O nagual Elías disse-lhes que o intento os havia fundido uns aos outros, e que assim eles haviam adquirido a certeza de que a individualidade de cada um passaria despercebida. O segundo estágio era destacar da forma mais forte possível a aparência que seria percebida pelo espectador. Eles então insistiram em chamar o intento de dar-lhes a aparência de Túlio que Don Juan tinha visto. Eles tiveram que trabalhar duro para aperfeiçoá-lo. Sob a orientação do professor, eles se concentraram em todos os detalhes que o tornariam perfeito.

Os quatro Túlios deram a Don Juan uma demonstração das características mais divertidas e marcantes de Túlio; que eram: gestos muito marcados de arrogância e desdém; virar a cabeça abruptamente para a direita, para demonstrar raiva; movimentos do tronco, para esconder parte do rosto com o ombro esquerdo; passar furiosamente a mão sobre os olhos, como se quisesse afastar os cabelos da testa; o ritmo e os movimentos de um homem impaciente e ágil, nervoso demais para ficar em um lugar e incapaz de decidir para onde ir.

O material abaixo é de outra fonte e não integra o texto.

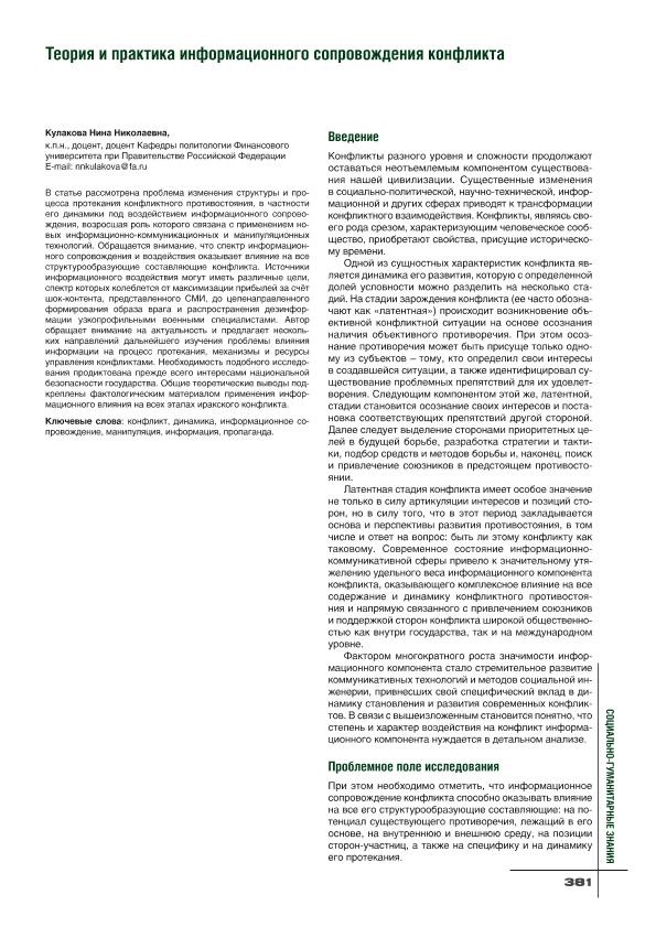 Кулакова, Н.Н. Теория и практика информационного сопровождения конфликта // Социально-гуманитарные знания. – 2025. – № 4. — С. 381-384. — Только в электронном виде. — <URL:http://elib.fa.ru/art2025/bv2557.pdf>.

Dom Juan disse que esses detalhes de conduta e muitos outros fizeram de Túlio um personagem inesquecível. Ele era tão inesquecível que, para projetar Túlio em Don Juan e nos outros aprendizes, como numa tela de cinema, bastava que um dos quatro insinuasse um traço de Túlio; Os aprendizes automaticamente forneciam o resto.

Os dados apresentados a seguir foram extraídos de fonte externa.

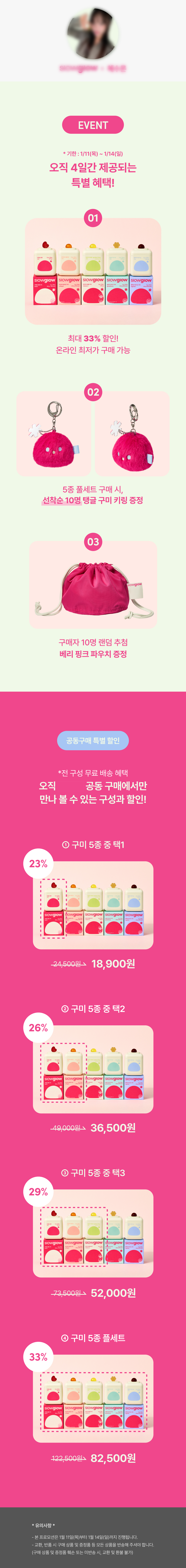 공동구매 유입 고객이 제품 정보를 빠르게 확인하고 구매를 완료할 수 있도록, 주요 기능과 옵션 정보를 명확하게 정리했습니다.

Dom Juan disse que, devido à tremenda consistência dos dados fornecidos pelos quatro homens, Túlio era a essência de uma pessoa repugnante, tanto para ele quanto para os outros aprendizes. Mas, ao mesmo tempo, se tivessem olhado profundamente dentro de si mesmos, teriam admitido que Túlio era assombroso. Ele era rápido, misterioso e dava a impressão, quer soubesse ou não, de ser uma sombra.

Dom Juan perguntou a Tuliúno como eles haviam chamado o intento. Tuliúno explicou a ele que os espreitadores chamam o intento em voz alta. Geralmente o chamam de um quarto pequeno, escuro e isolado. Uma vela é colocada sobre uma mesa preta, com a chama a poucos centímetros dos olhos; Em seguida, pronuncia-se lentamente a palavra intento, modulando-a claramente quantas vezes se considerar necessário. O tom de voz sobe e desce sem qualquer intervenção da vontade.

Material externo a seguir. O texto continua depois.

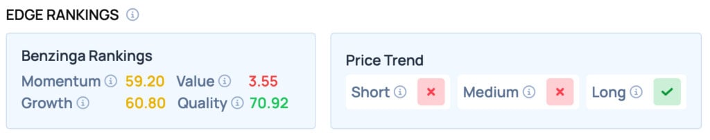 According to Benzinga Edge Rankings, Tesla offers satisfactory Momentum, but poor Value. It provides a favorable price trend in the Long term.

Tuliúno enfatizou que a parte indispensável em chamar o intento é a concentração total no que está sendo tentado. No caso deles, o foco estava na homogeneidade e na aparência de Túlio. Após serem fundidos para esse propósito, eles levaram alguns anos para construir a certeza completa de que tanto sua homogeneidade quanto a aparição de Túlio seriam realidades irrefutáveis para os espectadores.